SUNY Geneseo’s Career Design Center expands to help students
Photo courtesy of Faith Zatlukal
Students face struggles securing valuable internships; the Career Design Center is looking to change that
SUNY Geneseo has committed to living up to its name as a public honors college by responding to its students' high motivations to succeed, and making sure it has the proper resources for them to do so. According to the SUNY Geneseo News Center and Geneseo’s Career Design Center, “During the past two years, SUNY Geneseo disbursed more than $555,000 to 400+ students” to support internships and applied learning applications.
Over 70 percent of Geneseo students held an internship or undertook field experience at one point throughout their four years of study. As SUNY Geneseo published on their website, that is much higher than the number of students participating in internships in colleges and universities across the United States, which Geneseo noted is estimated to be 46 percent, as per the 2023 National Survey of Student Engagement.
What is currently fostering the high levels of student engagement at SUNY Geneseo is the recent success of its Career Launch Internship Collective (CLIC), created by the college’s Career Design Center. Geneseo has described the collective as “a high-impact on-campus internship program designed to reduce common obstacles” faced by students, such as lack of funds to get transport to and from their internship, and other expenses associated with serving in their role.
This stipend given by CLIC is designed for students who face financial hardships or other challenges surrounding working in an internship, as the Career Design Center details.

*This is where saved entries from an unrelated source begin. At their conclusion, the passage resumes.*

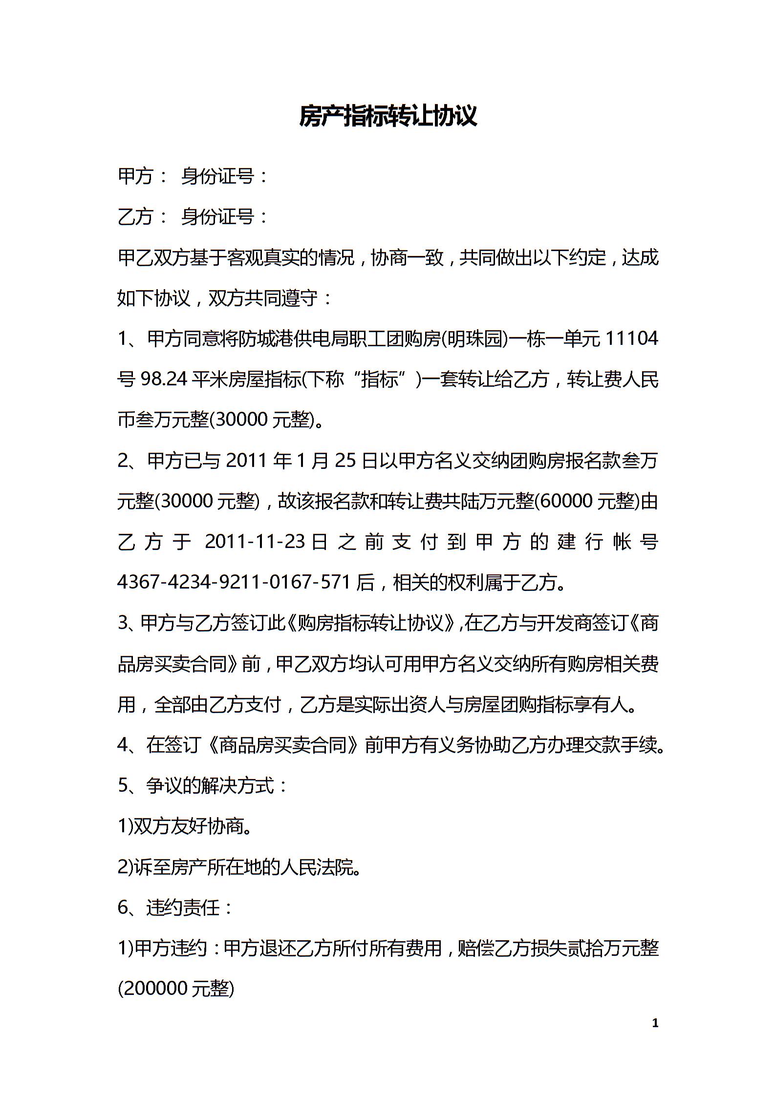 房产指标转让协议
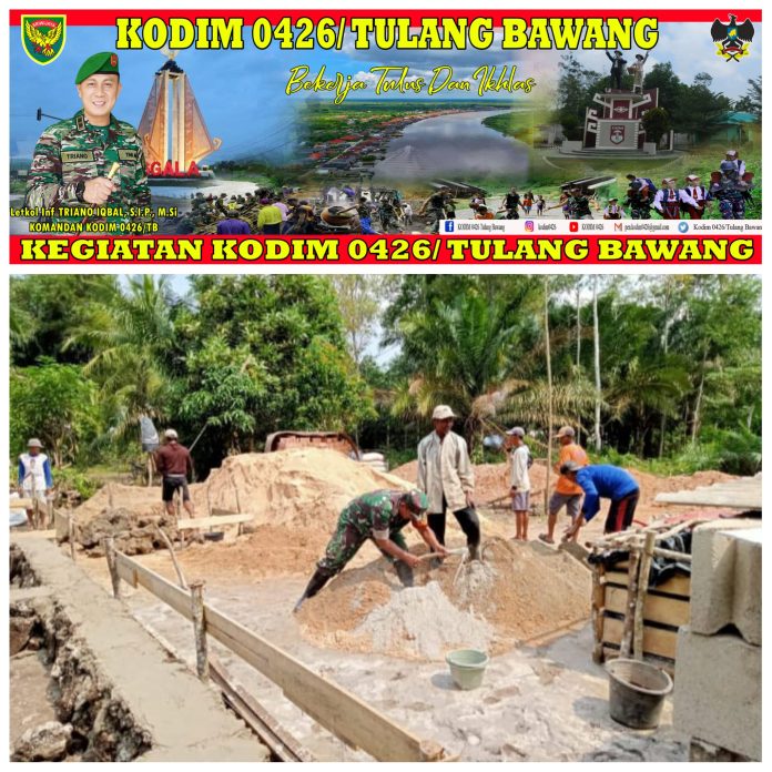 KODIM 0426/TB- Babinsa Koramil 426-05 Penawar Aji Kodim 0426 Tulang Bawang Sertu Siswanto membantu meringankan pekerjaan masyarakat yang sedang membangun rumah, Dikampung Aji Jaya KNPI, Kecamatan Gedung Aji, Kabupaten Tulang Bawang, Sabtu 08 Juli 2023.
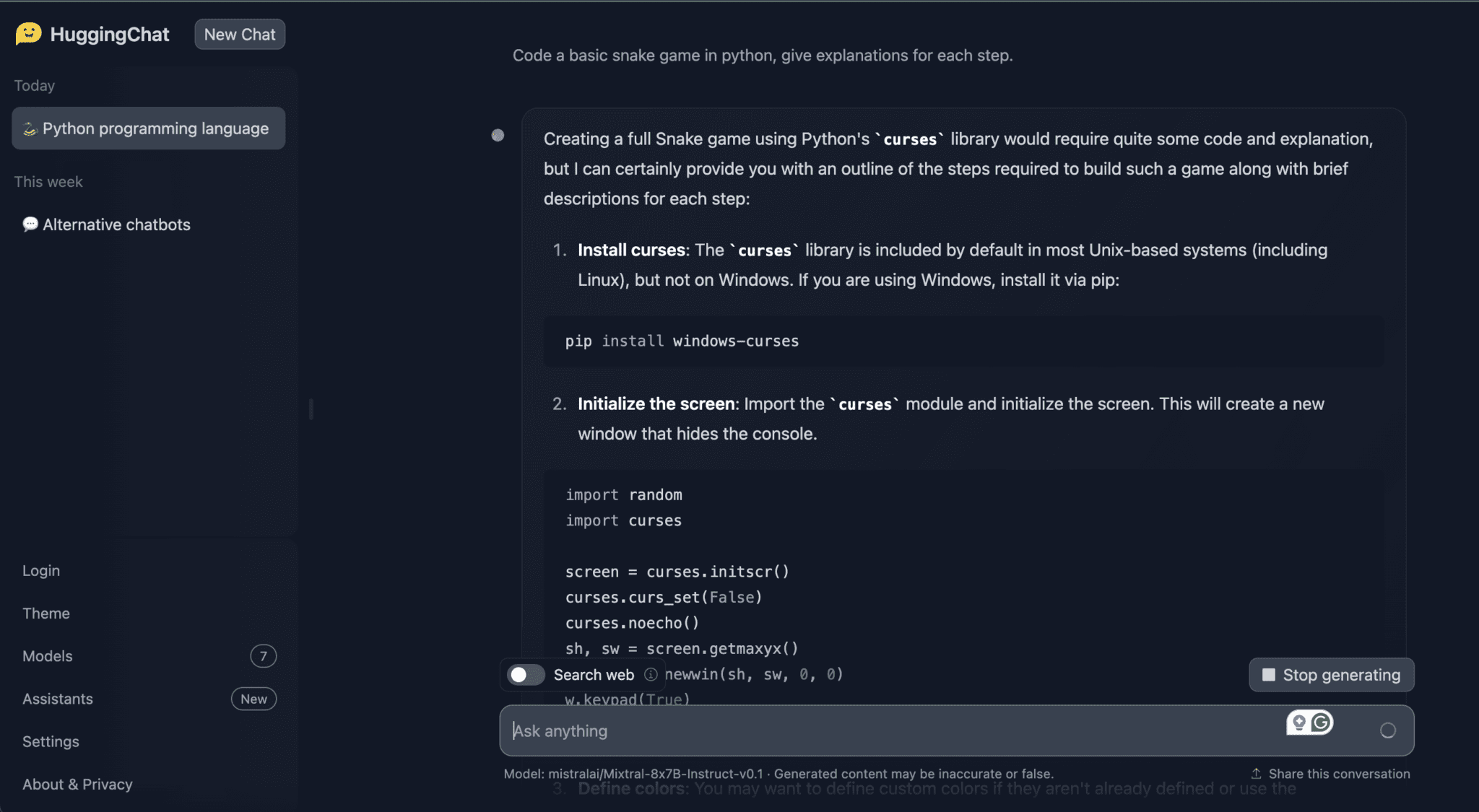 • 6. HuggingChat
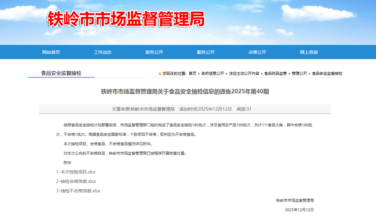 对本次公布的不合格样品,铁岭市市场监督管理局已按程序开展核查处置。
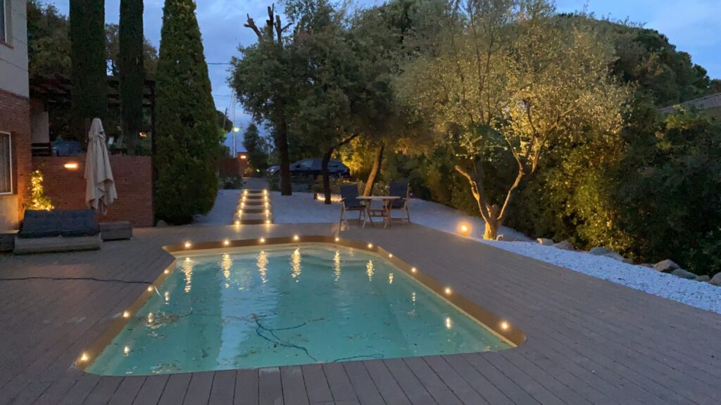 Disfrutamos creando ambientes nocturnos para ensalzar la vegetación y provocar sensaciones agradables.
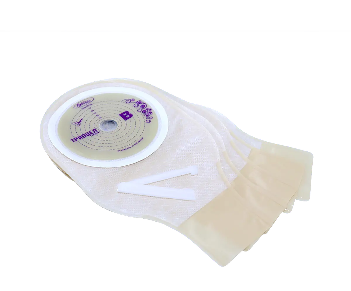 С внешней стороны калоприемники Триоцел Д выполнены из непрозрачной пленки телесного цвета. На стороне, прилегающей к телу - мягкая сетчатая подкладка из полимерного материала. Калоприемник может оставаться на коже в течение нескольких дней, не вызывая раздражения в месте крепления и обеспечивая комфортные условия для кожи вокруг стомы.
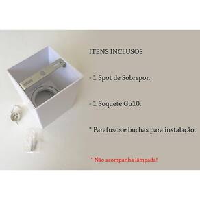 Nós da Acende a Luz procuramos trazer o que há de mais atual e moderno no mundo da Iluminação priorizando sempre a qualidade. Procuramos não apenas atender às suas necessidades, mas superar expectativas. Assim estabelecendo uma relação de confiançaNossa missão é garantir a satisfação total dos nossos clientes.Os spots de sobrepor são luminárias modernas e que proporcionam um lindo acabamento, mais sofisticado. São capazes de prover uma iluminação eficiente e diferenciada. Os spot de sobrepor Ar70 tem o acabamento impecável, possuem recuo na lâmpada proporcionando maior conforto visual, são direcionáveis e de fácil instalação e manutenção. São perfeitos para deixar o seu ambiente mais bonito e confortável. Possui sistema click, no qual não é necessário retirar o spot para troca de lâmpada. Descrição:- Material: ABS - Cor: Branco- Dimensões: Largura: 11 cm Altura: 15 cm- Tipo de lâmpada: Ar70- Potência máxima: 40W- Tensão: 100V - 240V- Grau de Proteção: IP20- Frequência: 50/60HZITENS INCLUSOS- 1 Spot de Sobrepor.- 1 Soquete Gu10.Parafusos e buchas para instalação. - Possuem foco Direcionável - Fácil Limpeza pano seco sem produtos abrasivos - Possui sistema click, no qual não é necessário retirar o spot para troca de lâmpada. - Uso externo / interno- Não Acompanha Lâmpada -
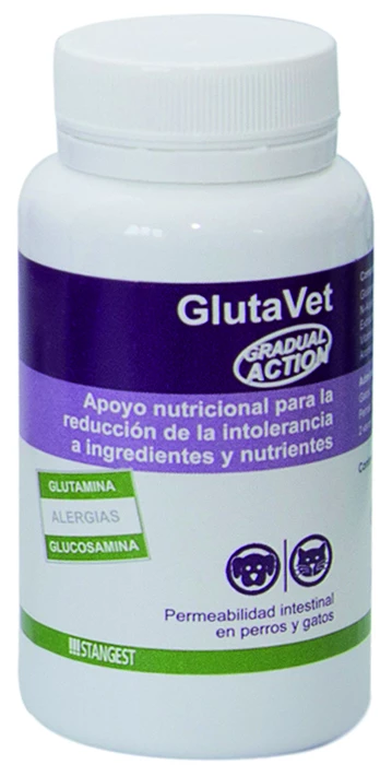 Supplément nutritionnel pour restaurer la muqueuse intestinale des chiens et des chats souffrant d’allergies alimentaires ou de diarrhée. GlutaVet favorise la récupération rapide de la muqueuse, après l’ingestion d’anti-inflammatoires. Prescrit pour les animaux de compagnie souffrant de diarrhée chronique. Présentation : 60 comprimés.
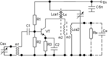Рисунок 4 – Схема вхідного ланцюга з індуктивним зв'язком з антеною й транзистором У якості елемента настроювання будемо використовувати конденсатори змінноїємності. Коефіцієнт перекриття по частоті в заданомудіапазоні:
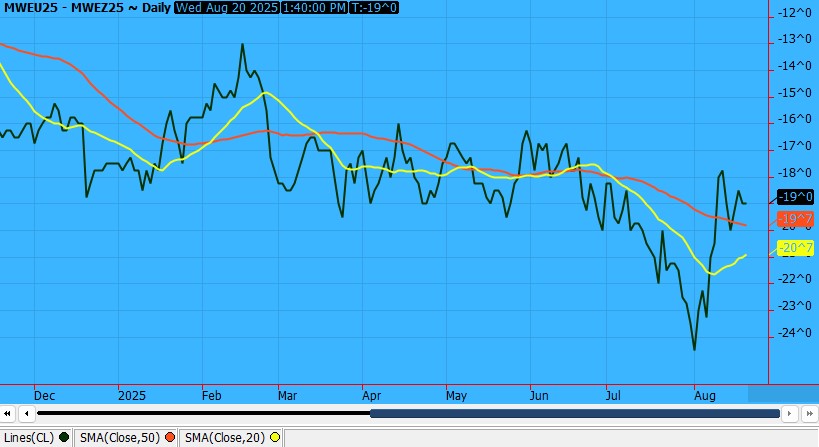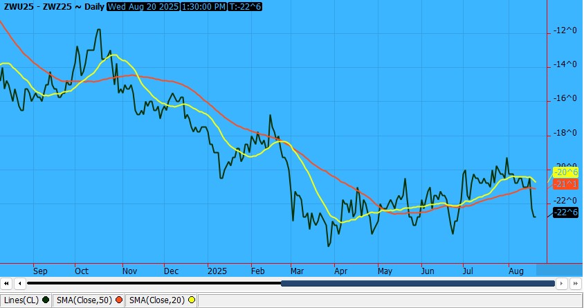 The Minneapolis Wheat U5-Z5 Spread may weaken back out to -22¢ if harvest pace picks back up. North Dakota got another shot of rain on Sunday that slowed farmers down, but they were able to get back out in the fields yesterday and today to regain time. They should not get another douse of rain for at least a week.
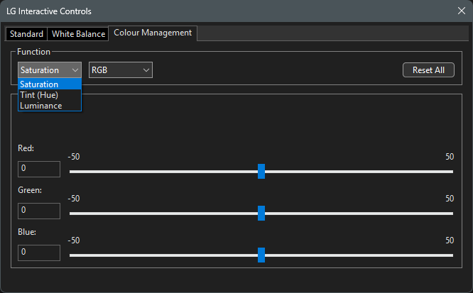 Note: The internal TPG is not affected by these controls, and altering them from their default may have unexpected consequences - The Reset Picture Mode option can be used to re-set the selected Profile and associated LUT and colour space options to the TV's defaults, where possible
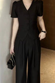 Product details: Set, V-Neck, Single Button Closure on Left with Right Flap, Decorative Faux Pockets at Waist
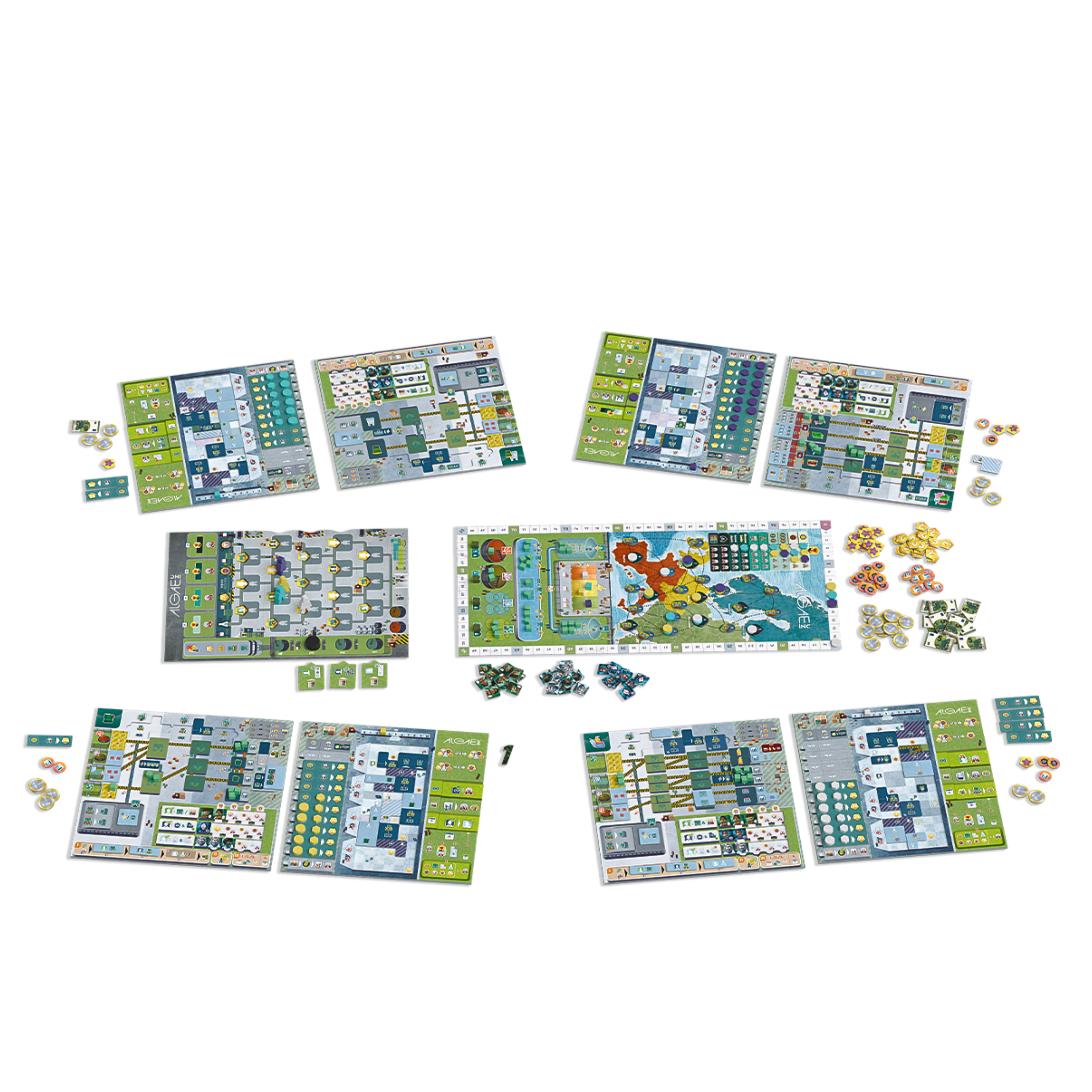 1 Ogni giocatore gestisce un reparto asimmetrico di un’azienda che trasforma alghe in prodotti come bioplastiche, cosmetici, biocarburanti e alimenti.

The only requirements for the stipend are that the recipient must be a SUNY Geneseo student taking 12 or more credits, in good academic standing, and must have secured an on- or off-campus internship.
Not only does this initiative make internships more accessible to students facing financial need, it also aims to increase the diversity of students who are able to secure and complete internships, as Geneseo’s Career Design Center has explained. A 2025 article published on the popular job and internship searching site, LinkedIn, notes that “Key findings indicate that financial barriers” are discouraging students from pursuing “unpaid or low-paying internships. While internship opportunities have grown by 25% in some markets, the fundamental mismatch between student needs and traditional internship structures has created” a negative attitude towards internships. The same article published that only 31 percent of students from working-class backgrounds completed internships, while a higher percentage, 43 percent, of middle-class students took advantage of internship opportunities.
Furthermore, beyond students’ socioeconomic background, racial disparities can also be found when examining internship opportunities. The National Association of Colleges and Employers (NACE) used their NACE 2023 Student Survey to examine this factor. According to their findings, 35.9 percent of white students did not have an internship, while 37.3 percent of Black students did not have an internship. Higher disparities can be seen among other groups of students. The percentage of students who did not serve in an internship position rises to just over 45 percent among Asian students, and 44.6 percent among Hispanic students.
Specifically at Geneseo, during the 2024-2025 academic year, “students completed nearly 300 credit-bearing internships,” as documented on the official SUNY Geneseo website. Efforts such as the Career Launch Internship Collective are created to further the reach of such opportunities for students attending our public honors college.
While Geneseo’s Career Design Center is helping students afford internships, they are also serving students in another important way: helping them find internships. The Career Design Center’s homepage on the SUNY Geneseo website describes the center’s resources, including “personalized guidance to align [students’] strengths and interests with potential career options” and helping them to find internships—and even jobs. Overall, the center, by helping students find and fund internships, has been crucial, especially in recent years with their new CLIC program, in helping students achieve personal and professional goals.